■ Assigned task
Transcribe word for word the lines below from the line with "長(zhǎng)江日?qǐn" through the line with "2020年5月,7台徐工XR", ends included.

═══ Records supplied

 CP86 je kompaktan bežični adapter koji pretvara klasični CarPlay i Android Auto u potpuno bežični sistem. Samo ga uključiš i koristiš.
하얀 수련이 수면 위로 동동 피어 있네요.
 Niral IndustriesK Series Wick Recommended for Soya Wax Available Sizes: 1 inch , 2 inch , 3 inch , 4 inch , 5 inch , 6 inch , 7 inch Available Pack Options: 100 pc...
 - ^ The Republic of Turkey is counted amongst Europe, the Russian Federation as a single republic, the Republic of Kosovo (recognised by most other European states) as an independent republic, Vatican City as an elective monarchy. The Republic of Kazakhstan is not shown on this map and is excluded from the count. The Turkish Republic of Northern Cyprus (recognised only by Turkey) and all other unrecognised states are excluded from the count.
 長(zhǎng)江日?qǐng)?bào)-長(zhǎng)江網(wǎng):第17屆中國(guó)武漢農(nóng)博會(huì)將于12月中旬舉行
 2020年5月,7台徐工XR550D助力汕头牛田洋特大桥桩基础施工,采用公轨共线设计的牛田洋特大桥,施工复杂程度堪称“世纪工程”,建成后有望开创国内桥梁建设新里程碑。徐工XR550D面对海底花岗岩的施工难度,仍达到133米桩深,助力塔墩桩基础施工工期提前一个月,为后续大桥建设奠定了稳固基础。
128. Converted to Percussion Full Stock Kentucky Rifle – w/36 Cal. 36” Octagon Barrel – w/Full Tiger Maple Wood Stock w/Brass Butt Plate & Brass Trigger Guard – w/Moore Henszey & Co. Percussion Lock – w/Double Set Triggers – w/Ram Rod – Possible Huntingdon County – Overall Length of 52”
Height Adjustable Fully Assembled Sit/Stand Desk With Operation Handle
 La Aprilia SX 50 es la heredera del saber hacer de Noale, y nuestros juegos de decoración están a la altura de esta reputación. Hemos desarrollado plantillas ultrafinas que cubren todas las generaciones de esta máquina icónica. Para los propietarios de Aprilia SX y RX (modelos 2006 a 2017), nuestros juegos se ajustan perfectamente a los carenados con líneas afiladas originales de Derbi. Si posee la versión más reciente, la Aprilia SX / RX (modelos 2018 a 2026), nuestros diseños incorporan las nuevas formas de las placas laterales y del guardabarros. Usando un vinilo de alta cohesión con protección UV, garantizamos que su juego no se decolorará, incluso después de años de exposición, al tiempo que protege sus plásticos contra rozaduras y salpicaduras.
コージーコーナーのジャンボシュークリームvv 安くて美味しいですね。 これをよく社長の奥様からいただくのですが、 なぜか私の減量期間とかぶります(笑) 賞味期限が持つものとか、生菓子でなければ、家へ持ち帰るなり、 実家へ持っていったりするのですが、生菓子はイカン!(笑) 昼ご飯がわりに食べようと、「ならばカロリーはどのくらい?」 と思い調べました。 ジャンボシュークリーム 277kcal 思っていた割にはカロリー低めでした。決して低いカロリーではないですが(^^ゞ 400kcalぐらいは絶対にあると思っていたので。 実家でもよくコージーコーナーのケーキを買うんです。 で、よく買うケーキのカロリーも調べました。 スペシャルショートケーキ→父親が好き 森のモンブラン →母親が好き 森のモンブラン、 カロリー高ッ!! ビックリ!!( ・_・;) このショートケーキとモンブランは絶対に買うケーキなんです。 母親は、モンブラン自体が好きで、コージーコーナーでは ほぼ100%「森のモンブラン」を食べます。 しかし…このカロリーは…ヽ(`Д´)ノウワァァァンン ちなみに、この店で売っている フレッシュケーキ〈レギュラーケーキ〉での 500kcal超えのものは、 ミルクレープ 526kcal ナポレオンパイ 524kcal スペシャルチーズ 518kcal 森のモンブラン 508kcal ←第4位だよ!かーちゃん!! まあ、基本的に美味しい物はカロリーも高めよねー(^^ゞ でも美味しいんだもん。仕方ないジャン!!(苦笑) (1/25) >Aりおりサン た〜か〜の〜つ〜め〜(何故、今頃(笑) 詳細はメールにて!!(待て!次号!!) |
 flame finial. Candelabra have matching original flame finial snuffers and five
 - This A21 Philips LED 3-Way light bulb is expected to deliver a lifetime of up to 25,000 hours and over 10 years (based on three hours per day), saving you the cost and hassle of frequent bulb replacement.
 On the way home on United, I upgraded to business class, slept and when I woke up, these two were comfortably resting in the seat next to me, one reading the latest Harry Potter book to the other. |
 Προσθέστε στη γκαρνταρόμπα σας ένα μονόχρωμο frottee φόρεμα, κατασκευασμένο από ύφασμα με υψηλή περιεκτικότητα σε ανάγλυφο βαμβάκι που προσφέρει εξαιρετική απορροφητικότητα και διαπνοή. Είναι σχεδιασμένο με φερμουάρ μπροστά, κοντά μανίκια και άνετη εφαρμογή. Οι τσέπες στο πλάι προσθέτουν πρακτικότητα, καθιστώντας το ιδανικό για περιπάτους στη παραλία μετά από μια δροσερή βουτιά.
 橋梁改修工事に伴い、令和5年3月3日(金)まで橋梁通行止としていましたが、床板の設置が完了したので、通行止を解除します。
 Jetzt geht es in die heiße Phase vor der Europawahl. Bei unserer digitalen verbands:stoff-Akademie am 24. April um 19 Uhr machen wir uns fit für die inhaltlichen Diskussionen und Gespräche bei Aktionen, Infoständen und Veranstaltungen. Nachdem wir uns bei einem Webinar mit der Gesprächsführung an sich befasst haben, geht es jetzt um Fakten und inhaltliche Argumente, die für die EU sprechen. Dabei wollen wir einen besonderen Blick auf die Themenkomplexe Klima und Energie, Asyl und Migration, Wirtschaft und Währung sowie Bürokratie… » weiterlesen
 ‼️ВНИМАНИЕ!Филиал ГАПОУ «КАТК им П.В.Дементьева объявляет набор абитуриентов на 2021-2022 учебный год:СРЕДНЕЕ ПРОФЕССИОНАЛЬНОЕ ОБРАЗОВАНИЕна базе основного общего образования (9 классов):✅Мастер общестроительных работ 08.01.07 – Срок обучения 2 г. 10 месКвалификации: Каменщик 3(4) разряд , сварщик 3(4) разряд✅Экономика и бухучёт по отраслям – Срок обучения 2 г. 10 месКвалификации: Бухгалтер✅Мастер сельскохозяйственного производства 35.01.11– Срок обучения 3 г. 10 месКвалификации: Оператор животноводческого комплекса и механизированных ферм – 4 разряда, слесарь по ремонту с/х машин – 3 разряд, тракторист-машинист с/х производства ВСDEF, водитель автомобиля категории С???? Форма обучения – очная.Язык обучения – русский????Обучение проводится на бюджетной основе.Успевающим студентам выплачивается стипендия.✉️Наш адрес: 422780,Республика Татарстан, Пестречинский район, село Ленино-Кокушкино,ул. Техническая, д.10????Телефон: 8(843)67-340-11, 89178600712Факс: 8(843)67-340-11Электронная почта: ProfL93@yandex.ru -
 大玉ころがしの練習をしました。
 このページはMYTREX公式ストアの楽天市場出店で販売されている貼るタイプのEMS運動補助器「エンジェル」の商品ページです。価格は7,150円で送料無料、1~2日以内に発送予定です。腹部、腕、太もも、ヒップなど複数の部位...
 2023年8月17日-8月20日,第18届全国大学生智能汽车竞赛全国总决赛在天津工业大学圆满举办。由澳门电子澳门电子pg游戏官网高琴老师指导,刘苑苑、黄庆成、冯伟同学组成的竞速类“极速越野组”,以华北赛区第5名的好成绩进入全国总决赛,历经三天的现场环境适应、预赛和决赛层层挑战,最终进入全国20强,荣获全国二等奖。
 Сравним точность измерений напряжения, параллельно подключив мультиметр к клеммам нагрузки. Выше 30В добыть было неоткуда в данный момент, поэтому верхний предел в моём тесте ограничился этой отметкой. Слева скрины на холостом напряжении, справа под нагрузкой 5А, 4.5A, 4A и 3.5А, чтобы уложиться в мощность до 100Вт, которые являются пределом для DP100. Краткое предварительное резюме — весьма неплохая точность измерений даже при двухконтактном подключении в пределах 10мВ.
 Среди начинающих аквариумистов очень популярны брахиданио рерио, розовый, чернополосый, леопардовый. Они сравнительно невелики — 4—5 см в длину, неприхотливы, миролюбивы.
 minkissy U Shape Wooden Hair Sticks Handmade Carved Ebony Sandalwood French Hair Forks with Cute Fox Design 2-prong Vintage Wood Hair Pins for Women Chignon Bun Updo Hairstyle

══════

■ Solution
 長(zhǎng)江日?qǐng)?bào)-長(zhǎng)江網(wǎng):第17屆中國(guó)武漢農(nóng)博會(huì)將于12月中旬舉行
 2020年5月,7台徐工XR550D助力汕头牛田洋特大桥桩基础施工,采用公轨共线设计的牛田洋特大桥,施工复杂程度堪称“世纪工程”,建成后有望开创国内桥梁建设新里程碑。徐工XR550D面对海底花岗岩的施工难度,仍达到133米桩深,助力塔墩桩基础施工工期提前一个月,为后续大桥建设奠定了稳固基础。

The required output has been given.